_Instructions for the task_
With the exception of the pictures, write out the data below precisely.

_Extracted data entries_
^^^^

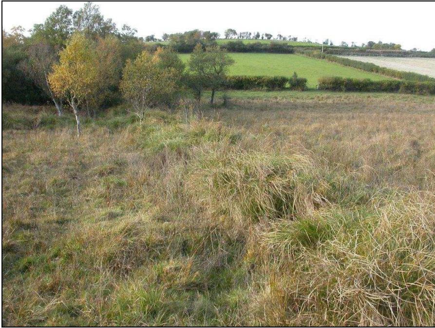
Figure 10: Seemingly suitable Vertigo moulinsiana habitat at site 17 but not supporting the snail.
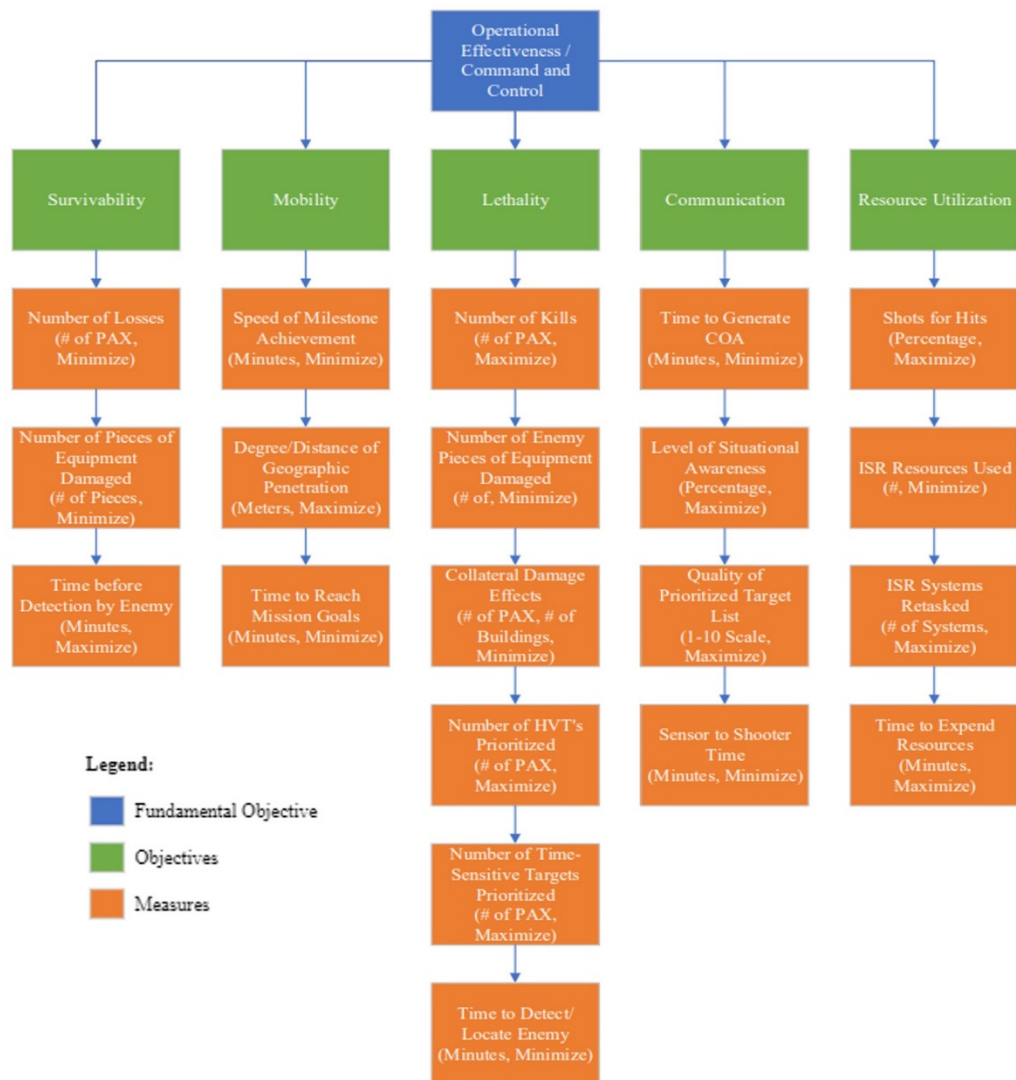
Figure 2: Functional Hierarchy Diagram
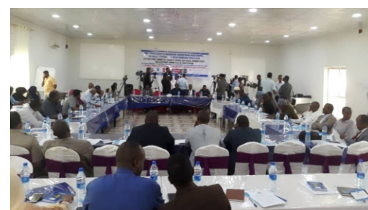
On 9-11 October, 2nd Forum of Parliament Oversight (OC) Committee in Garowe, Puntland
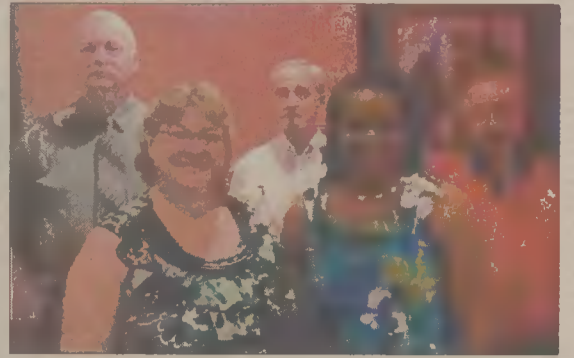
Retirees have 138 years combined service - 4
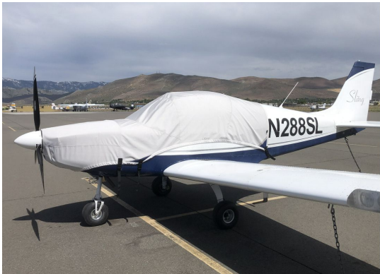
Sling 2 Canopy/Engine Cover
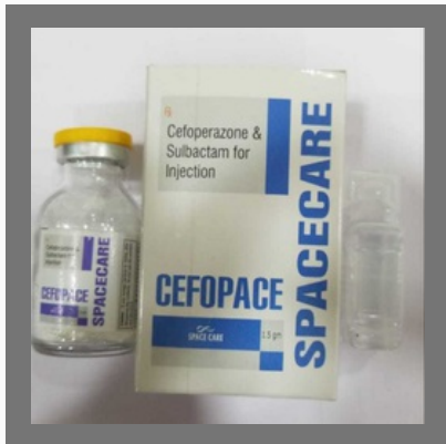
Cefoperazone and Sulbactam for Injection

^^^^

_Solution for this task_
Figure 10: Seemingly suitable Vertigo moulinsiana habitat at site 17 but not supporting the snail.
Figure 2: Functional Hierarchy Diagram
On 9-11 October, 2nd Forum of Parliament Oversight (OC) Committee in Garowe, Puntland
Retirees have 138 years combined service - 4
Sling 2 Canopy/Engine Cover
Cefoperazone and Sulbactam for Injection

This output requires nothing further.